Ottawa's attempt to soften excessively tough anti-corruption measures has hit a snag, with some major industry players saying government suppliers will still be unfairly punished by the federal government under the new rules.
The main concern is a measure announced by Public Works and Government Services last Friday as part of its updated "integrity regime": Any supplier can be suspended for up to 18 months just for being charged here or abroad of a range of offences, including bribery, money laundering and extortion. However, the government said it could alternatively impose an "administrative agreement" instead of a suspension, which would see a third-party monitor ensure the charged supplier is taking steps to fix the problem.
"This raises, among others, issues relating to the presumption of innocence," said Louis-Antoine Paquin, a spokesman for SNC-Lavalin Group Inc., the scandal-plagued Montreal engineering and construction firm charged in February by the RCMP with fraud and corruption over alleged acts while doing business in Libya. The company has denied the charges and said it will "vigorously defend" itself. "We'll have to see about the administrative agreements that the government refers to," Mr. Paquin added. "It will be important to see how [they] are managed to cope with this issue."
Philip Turi, general counsel with Canadian Manufacturers & Exporters, Canada's largest trade and industry association, said the new measure "is difficult because … in Canadian law there is generally a presumption of innocence until proven guilty. What a suspension does is it throws your status as a supplier in question, even though you may actually be innocent.

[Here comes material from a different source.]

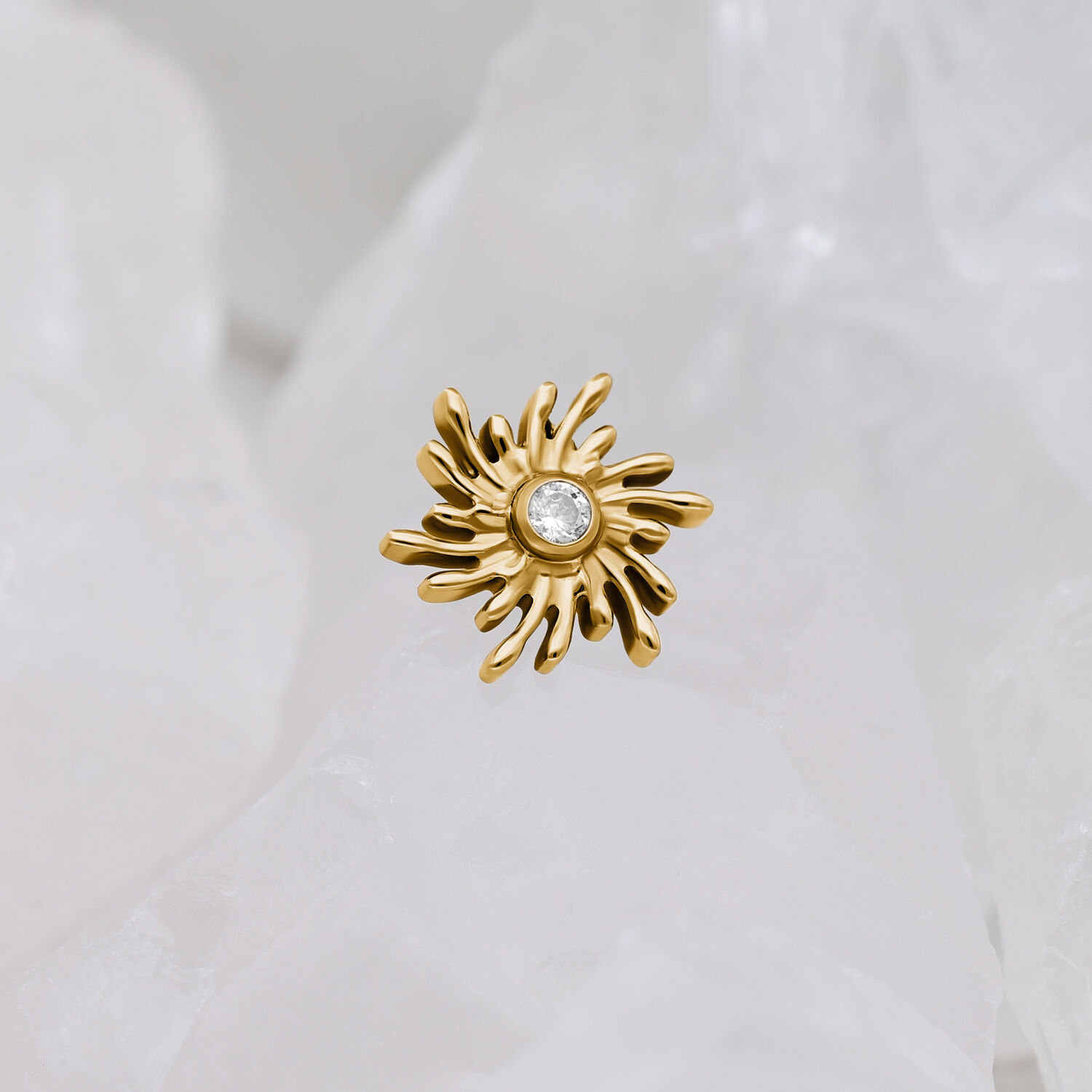 Il terminale Sunburst aggiunge una lucentezza raffinata e radiosa al tuo piercing. Il suo delicato design a raggi di sole si ispira al sole invernale che si riflette sui paesaggi innevati. Le linee sottili e i dettagli scintillanti creano un bagliore caldo ed elegante che valorizza il tuo look per tutta la stagione e oltre.

That part will create some uncertainty" for industry.
Under the government's new integrity rules, a supplier is barred from doing business with Public Works for 10 years if it or any board members have been convicted or discharged in the past three years for a range of corruption-related offences in Canada or abroad, including bribery, fraud, money laundering or extortion. However, the decade-long ban can be cut in half if the supplier shows it has taken action to co-operate with authorities and instituted remedial action. The government said the rules would soon be rolled out to other departments and agencies.

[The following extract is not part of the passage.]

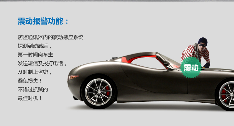 断电报警:当小偷非法拆下您原车电瓶或设备后,设备具有内置电池,马上给您的手机发送断电报警短信,提示外接电源被被断开,让小偷无处可逃。(非法断电,一触即发,小偷难逃)

The penalty amounts to a retreat from integrity rules enacted just 16 months ago, in which any prior conviction against a supplier or any of its international affiliates would have earned a 10-year ban with no chance for a reprieve for good behaviour. That made Canada far stricter than the United States and Europe, where governments allow convicted companies to win reinstatement and reduce their disbarment for coming clean and taking remedial action. It also created the possibility that some major government contractors – including Hewlett-Packard Co., Siemens AG and SNC – would find themselves out of work in Ottawa for 10 years. The government has also allayed some concerns by saying the new regime "will be adopted on a go-forward basis and will not impact existing contracts" – including a recent deal with an SNC-led consortium to build and manage a replacement for Montreal's Champlain Bridge.
The new rules are softer but still make Canada tougher on corporate crime than other countries. Bennett Jones partners Milos Barutciski and Matthew Kronby said in a note that the revised policy "fails to make a clear distinction between punishment and deterrence of misconduct … and protecting the integrity of federal procurement and taxpayer dollars." They suggested criminal penalties and reputation damage would act as a deterrent, adding that a five-year ban from government contracts would have little deterring effect.
Dundee Capital Markets analyst Maxim Sytchev said in a note Monday that "the likelihood of debarment for SNC in Canada is a small probability especially when the federal government continues to award multibillion-dollar contracts to the company."